THE DATA:
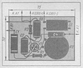 Рис. 137. Схема «миноискателя» Рис. 138. Расположение деталей генератора «миноискателя» на монтажной плате В качестве датчика удобно использовать капсюль от головных телефонов ТОН-1, ТОН-2 или им подобных с сопротивлением обмотки не менее 1 кОм. Но капсюль придется доработать — об этом будет сказано позже. Транзистор должен быть МП39Б, МП42Б с коэффициентом передачи тока не ниже 35 (иначе генератор не будет работать). Постоянные резисторы — МЛТ-0,5, переменный — СП-1. Конденсаторы типа МБМ. Головные телефоны — ТОН-1, ТОН-2 или аналогичные. Выключатель питания — тумблер ТВ2-1, источник питания Gfil — батарея «Крона», разъем XI любого типа с двумя гнездами под вилку головных телефонов.
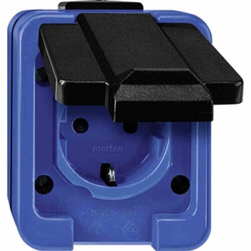 Merten SCHLAGFEST Steckdose, 1f, blau, matt, Aufputz, horizontal/vertikal, mit Klappdeckel, IP44, Komplettgehäuse
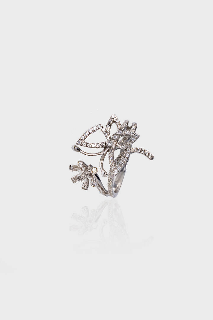 in oro bianco, sommità con farfalla stilizzata in diamanti taglio brillante per totali ct 0,50 ca.
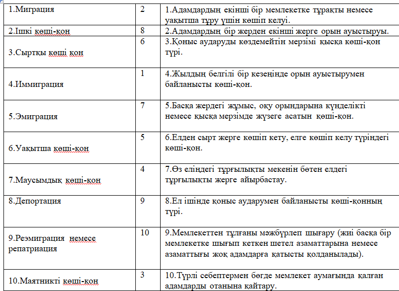 І. Жаңа сабақтың тақырыбы бойынша оқушыларға видео-, презентация-таныстырылым көрсетеді Сұрақтарға жауап береді 1.Миграция дегеніміз не? 2.Эмиграция дегеніміз не? 3.Репатриация дегеніміз не? 4.Сыртқы көші-қон дегеніміз не? 5.Ішкі көші-қон дегеніміз не? ЕБҚ оқушылар маңызды тірек сөздерді жазып алады; 1Тапсырма: «Ойлан, жұптас, бөліс» әдісі арқылы мәтін, картамен жұмыс ЕБҚ: оқушыға топтық жұмыс кезінде қасындағы сыныптастары және мұғалім диалог арқылы қолдау жасайды

WORK REQUEST:
A verbatim copy of the material, pictures excluded, is what must be produced.

EXERCISE RESULT:
 Рис. 137. Схема «миноискателя» Рис. 138. Расположение деталей генератора «миноискателя» на монтажной плате В качестве датчика удобно использовать капсюль от головных телефонов ТОН-1, ТОН-2 или им подобных с сопротивлением обмотки не менее 1 кОм. Но капсюль придется доработать — об этом будет сказано позже. Транзистор должен быть МП39Б, МП42Б с коэффициентом передачи тока не ниже 35 (иначе генератор не будет работать). Постоянные резисторы — МЛТ-0,5, переменный — СП-1. Конденсаторы типа МБМ. Головные телефоны — ТОН-1, ТОН-2 или аналогичные. Выключатель питания — тумблер ТВ2-1, источник питания Gfil — батарея «Крона», разъем XI любого типа с двумя гнездами под вилку головных телефонов.
 Merten SCHLAGFEST Steckdose, 1f, blau, matt, Aufputz, horizontal/vertikal, mit Klappdeckel, IP44, Komplettgehäuse
 in oro bianco, sommità con farfalla stilizzata in diamanti taglio brillante per totali ct 0,50 ca.
 І. Жаңа сабақтың тақырыбы бойынша оқушыларға видео-, презентация-таныстырылым көрсетеді Сұрақтарға жауап береді 1.Миграция дегеніміз не? 2.Эмиграция дегеніміз не? 3.Репатриация дегеніміз не? 4.Сыртқы көші-қон дегеніміз не? 5.Ішкі көші-қон дегеніміз не? ЕБҚ оқушылар маңызды тірек сөздерді жазып алады; 1Тапсырма: «Ойлан, жұптас, бөліс» әдісі арқылы мәтін, картамен жұмыс ЕБҚ: оқушыға топтық жұмыс кезінде қасындағы сыныптастары және мұғалім диалог арқылы қолдау жасайды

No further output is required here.